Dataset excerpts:
####################

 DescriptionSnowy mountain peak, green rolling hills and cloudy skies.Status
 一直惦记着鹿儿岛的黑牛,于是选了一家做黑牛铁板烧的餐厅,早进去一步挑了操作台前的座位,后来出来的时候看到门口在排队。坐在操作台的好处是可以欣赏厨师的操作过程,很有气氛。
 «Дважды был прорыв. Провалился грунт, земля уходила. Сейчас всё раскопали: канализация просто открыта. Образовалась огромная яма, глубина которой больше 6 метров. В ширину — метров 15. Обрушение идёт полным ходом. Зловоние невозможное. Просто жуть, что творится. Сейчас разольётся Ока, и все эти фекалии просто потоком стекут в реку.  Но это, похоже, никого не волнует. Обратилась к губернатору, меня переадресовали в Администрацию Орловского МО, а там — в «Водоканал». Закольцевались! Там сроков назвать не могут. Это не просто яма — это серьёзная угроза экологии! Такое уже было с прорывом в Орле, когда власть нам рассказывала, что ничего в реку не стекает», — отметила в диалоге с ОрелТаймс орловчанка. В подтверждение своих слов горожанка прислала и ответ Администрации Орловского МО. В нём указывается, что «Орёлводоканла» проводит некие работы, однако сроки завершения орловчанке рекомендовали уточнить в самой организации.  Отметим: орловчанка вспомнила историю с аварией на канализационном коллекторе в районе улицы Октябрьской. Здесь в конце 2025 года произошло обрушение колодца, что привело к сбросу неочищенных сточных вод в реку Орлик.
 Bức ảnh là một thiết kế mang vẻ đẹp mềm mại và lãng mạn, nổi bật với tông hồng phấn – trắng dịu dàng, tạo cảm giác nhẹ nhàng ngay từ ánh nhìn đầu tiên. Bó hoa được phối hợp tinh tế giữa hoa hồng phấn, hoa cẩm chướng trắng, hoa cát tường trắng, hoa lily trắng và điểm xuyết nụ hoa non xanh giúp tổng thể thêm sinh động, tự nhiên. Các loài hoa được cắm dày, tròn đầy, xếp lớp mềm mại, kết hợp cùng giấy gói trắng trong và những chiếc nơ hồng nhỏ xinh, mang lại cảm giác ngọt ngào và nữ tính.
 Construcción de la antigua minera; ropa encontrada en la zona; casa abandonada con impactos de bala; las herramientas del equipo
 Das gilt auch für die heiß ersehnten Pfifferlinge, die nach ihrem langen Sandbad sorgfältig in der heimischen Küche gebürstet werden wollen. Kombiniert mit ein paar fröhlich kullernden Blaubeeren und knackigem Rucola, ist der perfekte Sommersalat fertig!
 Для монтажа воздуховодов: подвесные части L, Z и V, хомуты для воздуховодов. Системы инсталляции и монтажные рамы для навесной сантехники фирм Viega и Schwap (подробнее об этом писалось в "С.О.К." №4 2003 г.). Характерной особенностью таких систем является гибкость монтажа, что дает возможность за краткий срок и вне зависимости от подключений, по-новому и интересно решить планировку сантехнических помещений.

####################

What the task asks — All of the data needs to be reproduced exactly, with no line missing.

Response —
 DescriptionSnowy mountain peak, green rolling hills and cloudy skies.Status
 一直惦记着鹿儿岛的黑牛,于是选了一家做黑牛铁板烧的餐厅,早进去一步挑了操作台前的座位,后来出来的时候看到门口在排队。坐在操作台的好处是可以欣赏厨师的操作过程,很有气氛。
 «Дважды был прорыв. Провалился грунт, земля уходила. Сейчас всё раскопали: канализация просто открыта. Образовалась огромная яма, глубина которой больше 6 метров. В ширину — метров 15. Обрушение идёт полным ходом. Зловоние невозможное. Просто жуть, что творится. Сейчас разольётся Ока, и все эти фекалии просто потоком стекут в реку.  Но это, похоже, никого не волнует. Обратилась к губернатору, меня переадресовали в Администрацию Орловского МО, а там — в «Водоканал». Закольцевались! Там сроков назвать не могут. Это не просто яма — это серьёзная угроза экологии! Такое уже было с прорывом в Орле, когда власть нам рассказывала, что ничего в реку не стекает», — отметила в диалоге с ОрелТаймс орловчанка. В подтверждение своих слов горожанка прислала и ответ Администрации Орловского МО. В нём указывается, что «Орёлводоканла» проводит некие работы, однако сроки завершения орловчанке рекомендовали уточнить в самой организации.  Отметим: орловчанка вспомнила историю с аварией на канализационном коллекторе в районе улицы Октябрьской. Здесь в конце 2025 года произошло обрушение колодца, что привело к сбросу неочищенных сточных вод в реку Орлик.
 Bức ảnh là một thiết kế mang vẻ đẹp mềm mại và lãng mạn, nổi bật với tông hồng phấn – trắng dịu dàng, tạo cảm giác nhẹ nhàng ngay từ ánh nhìn đầu tiên. Bó hoa được phối hợp tinh tế giữa hoa hồng phấn, hoa cẩm chướng trắng, hoa cát tường trắng, hoa lily trắng và điểm xuyết nụ hoa non xanh giúp tổng thể thêm sinh động, tự nhiên. Các loài hoa được cắm dày, tròn đầy, xếp lớp mềm mại, kết hợp cùng giấy gói trắng trong và những chiếc nơ hồng nhỏ xinh, mang lại cảm giác ngọt ngào và nữ tính.
 Construcción de la antigua minera; ropa encontrada en la zona; casa abandonada con impactos de bala; las herramientas del equipo
 Das gilt auch für die heiß ersehnten Pfifferlinge, die nach ihrem langen Sandbad sorgfältig in der heimischen Küche gebürstet werden wollen. Kombiniert mit ein paar fröhlich kullernden Blaubeeren und knackigem Rucola, ist der perfekte Sommersalat fertig!
 Для монтажа воздуховодов: подвесные части L, Z и V, хомуты для воздуховодов. Системы инсталляции и монтажные рамы для навесной сантехники фирм Viega и Schwap (подробнее об этом писалось в "С.О.К." №4 2003 г.). Характерной особенностью таких систем является гибкость монтажа, что дает возможность за краткий срок и вне зависимости от подключений, по-новому и интересно решить планировку сантехнических помещений.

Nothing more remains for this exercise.